Bandarra-Tavares Hélder, Franchi-Mendes Teresa, Ulpiano Cristiana, Morini Sara, Kaur Navjot, Harris-Becker Abigail, Vemuri Mohan C, Cabral Joaquim M S, Fernandes-Platzgummer Ana, da Silva Cláudia L
Department of Bioengineering and iBB - Institute for Bioengineering and Biosciences at Instituto Superior Técnico, Universidade de Lisboa, Lisboa, Portugal; Associate Laboratory i4HB - Institute for Health and Bioeconomy at Instituto Superior Técnico, Universidade de Lisboa, Lisboa, Portugal.
Cell and Gene Therapy, Thermo Fisher Scientific, Cell Biology, Frederick, Maryland, USA.
Cytotherapy. 2024 Jul;26(7):749-756. doi: 10.1016/j.jcyt.2024.03.001. Epub 2024 Mar 11.
BACKGROUND & AIMS: Cell therapies based on mesenchymal stromal cells (MSCs) have gained an increasing therapeutic interest in the context of multiple disorders. Nonetheless, this field still faces important challenges, particularly concerning suitable manufacturing platforms. Here, we aimed at establishing a scalable culture system to expand umbilical cord-derived Wharton's jelly MSC (MSC(WJ)) and their derived extracellular vesicles (EVs) by using dissolvable microcarriers combined with xeno(geneic)-free culture medium.

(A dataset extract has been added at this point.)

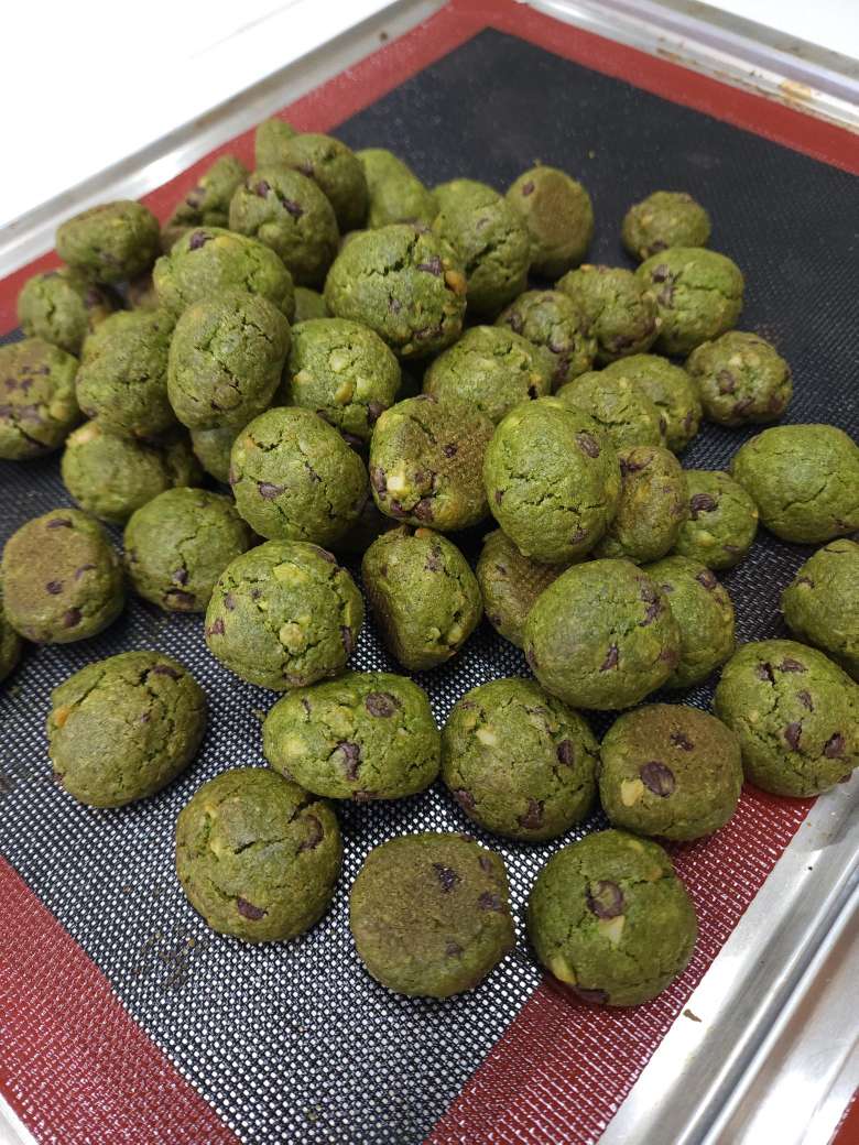말차 초코 쿠키에는 초코랑 마카다미아도 넣었습니다.초코 쿠키랑 초코칩 쿠키, 말차 초코 쿠키는 휴지를 끝낸 반죽을 적당 크키로 잘라서손으로 동글동글 모양을 내줬어요.

MSC(WJ) isolated from three donors were cultured at a starting density of 1 × 10 cells per spinner flask, i.e., 2.8 × 10 cells per cm of dissolvable microcarrier surface area. After a 6-day expansion period of MSC(WJ), extracellular vesicles (EVs) were produced for 24 h.
Taking advantage of an intermittent agitation regimen, we observed high adhesion rates to the microcarriers (over 90% at 24 h) and achieved 15.8 ± 0.7-fold expansion after 6 days of culture. Notably, dissolution of the microcarriers was achieved through a pectinase-based solution to recover the cell product, reducing the hurdles of downstream processing. MSC identity was validated by detecting the characteristic MSC immunophenotype and by multilineage differentiation assays. Considering the growing interest in MSC-derived EVs, which are known to be mediators of the therapeutic features of MSC, this platform also was evaluated for EV production. Upon a 24-h period of conditioning, secreted EVs were isolated by ultrafiltration followed by anion-exchange chromatography and exhibited the typical cup-shaped morphology, small size distribution (162.6 ± 30.2 nm) and expressed EV markers (CD63, CD9 and syntenin-1).
Taken together, we established a time-effective and robust scalable platform that complies with clinical-grade standards for the dual production of MSC(WJ) and their derived EV.
基于间充质基质细胞(MSC)的细胞疗法在多种疾病的治疗中越来越受到关注。然而,该领域仍面临重大挑战,特别是在合适的生产平台方面。在此,我们旨在建立一种可扩展的培养系统,通过使用可溶解的微载体与无(异)基因培养基相结合,来扩增脐带华通氏胶间充质基质细胞(MSC(WJ))及其衍生的细胞外囊泡(EVs)。
从三名供体分离的MSC(WJ)以每个转瓶1×10个细胞的起始密度进行培养,即每平方厘米可溶解微载体表面积2.8×10个细胞。在MSC(WJ)扩增6天后,生产细胞外囊泡(EVs)24小时。
利用间歇性搅拌方案,我们观察到对微载体的高粘附率(24小时时超过90%),并在培养6天后实现了15.8±0.7倍的扩增。值得注意的是,通过基于果胶酶的溶液实现了微载体的溶解,以回收细胞产物,减少了下游处理的障碍。通过检测特征性的MSC免疫表型和多谱系分化试验验证了MSC的身份。鉴于对MSC衍生的EVs的兴趣日益增加,已知其为MSC治疗特性的介质,该平台也用于评估EV的生产。在24小时的条件培养期后,通过超滤随后进行阴离子交换色谱法分离分泌的EVs,其呈现典型的杯状形态、小尺寸分布(162.6±30.2nm)并表达EV标志物(CD63、CD9和syntenin-1)。
综上所述,我们建立了一个符合临床级标准的高效且强大的可扩展平台,用于双重生产MSC(WJ)及其衍生的EV。